[Source material Boundary: Start]
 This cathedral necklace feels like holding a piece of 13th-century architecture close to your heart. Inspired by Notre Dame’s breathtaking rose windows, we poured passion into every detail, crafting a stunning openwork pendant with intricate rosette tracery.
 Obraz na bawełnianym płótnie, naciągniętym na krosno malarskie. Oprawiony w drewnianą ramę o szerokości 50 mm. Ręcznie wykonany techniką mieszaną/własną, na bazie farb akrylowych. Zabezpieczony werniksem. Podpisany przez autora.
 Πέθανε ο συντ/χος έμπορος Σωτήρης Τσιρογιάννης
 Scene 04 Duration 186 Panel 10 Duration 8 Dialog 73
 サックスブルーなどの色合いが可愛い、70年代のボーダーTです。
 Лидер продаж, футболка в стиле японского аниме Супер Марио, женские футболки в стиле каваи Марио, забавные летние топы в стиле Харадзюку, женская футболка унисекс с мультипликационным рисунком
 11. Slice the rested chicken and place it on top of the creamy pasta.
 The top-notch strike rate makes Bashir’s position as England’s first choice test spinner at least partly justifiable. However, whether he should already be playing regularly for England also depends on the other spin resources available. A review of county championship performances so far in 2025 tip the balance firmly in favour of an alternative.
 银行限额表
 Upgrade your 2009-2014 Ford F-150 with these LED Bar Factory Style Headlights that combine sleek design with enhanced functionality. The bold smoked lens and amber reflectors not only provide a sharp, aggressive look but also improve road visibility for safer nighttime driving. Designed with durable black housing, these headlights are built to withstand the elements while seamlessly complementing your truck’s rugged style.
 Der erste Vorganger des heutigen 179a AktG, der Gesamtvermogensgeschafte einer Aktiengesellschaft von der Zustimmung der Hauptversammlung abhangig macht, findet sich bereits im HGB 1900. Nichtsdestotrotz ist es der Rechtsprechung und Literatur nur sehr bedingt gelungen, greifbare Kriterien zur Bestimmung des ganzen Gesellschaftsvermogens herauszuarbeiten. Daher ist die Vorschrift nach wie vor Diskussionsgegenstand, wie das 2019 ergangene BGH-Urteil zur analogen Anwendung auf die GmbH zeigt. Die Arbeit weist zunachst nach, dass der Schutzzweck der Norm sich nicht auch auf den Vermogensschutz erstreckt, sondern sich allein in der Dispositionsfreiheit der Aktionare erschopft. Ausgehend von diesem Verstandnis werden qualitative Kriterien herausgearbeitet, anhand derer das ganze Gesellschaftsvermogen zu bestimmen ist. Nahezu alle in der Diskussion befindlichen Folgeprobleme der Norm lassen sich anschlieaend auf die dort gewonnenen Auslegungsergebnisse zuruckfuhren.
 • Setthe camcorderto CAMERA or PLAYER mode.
[Source material Boundary: End]
* Task *
Your task is to set down only the lines that run from the opening of the listing to the line with "11. Slice the", both ends included, each unchanged.

* Final answer *
 This cathedral necklace feels like holding a piece of 13th-century architecture close to your heart. Inspired by Notre Dame’s breathtaking rose windows, we poured passion into every detail, crafting a stunning openwork pendant with intricate rosette tracery.
 Obraz na bawełnianym płótnie, naciągniętym na krosno malarskie. Oprawiony w drewnianą ramę o szerokości 50 mm. Ręcznie wykonany techniką mieszaną/własną, na bazie farb akrylowych. Zabezpieczony werniksem. Podpisany przez autora.
 Πέθανε ο συντ/χος έμπορος Σωτήρης Τσιρογιάννης
 Scene 04 Duration 186 Panel 10 Duration 8 Dialog 73
 サックスブルーなどの色合いが可愛い、70年代のボーダーTです。
 Лидер продаж, футболка в стиле японского аниме Супер Марио, женские футболки в стиле каваи Марио, забавные летние топы в стиле Харадзюку, женская футболка унисекс с мультипликационным рисунком
 11. Slice the rested chicken and place it on top of the creamy pasta.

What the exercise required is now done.